2. Un dimanche après-midi à l’Île de la Grande Jatte (A Sunday Afternoon on the Isle of Grand Jatte) – Georges-Pierre Seurat
This famous painting is a prime example of Seurat’s technique of Pointillism, which is an offshoot of Impressionism that uses simple dots of varying color grouped together in such a way so as to form a discernable image. It shows a peaceful scene at a park just off the Seine River in France, and was the basis for Stephen Sondheim’s award-winning musical Sunday in the Park with George.

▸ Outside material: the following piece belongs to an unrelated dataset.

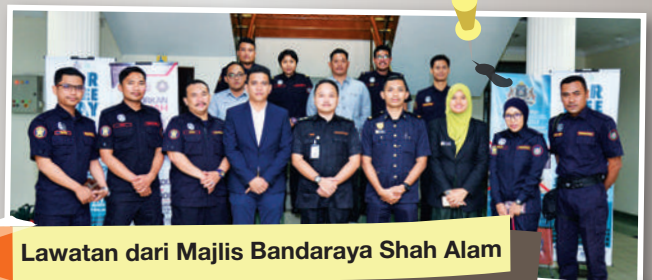
Lawatan dari Majlis Bandaraya Shah Alam

Objektif : Berkongsi ilmu pengetahuan serta pengalaman berkenaan tugas polis bantuan MBBJ.

1. De sterrennacht (The Starry Night) – Vincent Van Gogh
The night sky was somewhat of a growing theme for Vincent Van Gogh in the late 1880s, and his paintings Cafe Terrace at Night and Starry Night over the Rhone both show hints of what is to come in this, one of his most famous paintings. The scene presented in the painting is a view of Saint-Rémy-de-Provence from Van Gogh’s room at the Saint-Paul Asylum in France. Henri Dutilleux’s orchestral work Timbres, espace, movement (Timbre, Space, Movement) is subtitled La nuit etoile (The Starry Night) after this painting, and Finnish composer Einojuhani Rautavaara wrote an opera about Van Gogh’s life, Vincent. He later adapted this music into his Symphony No. 6, the first movement of which is titled Starry Night.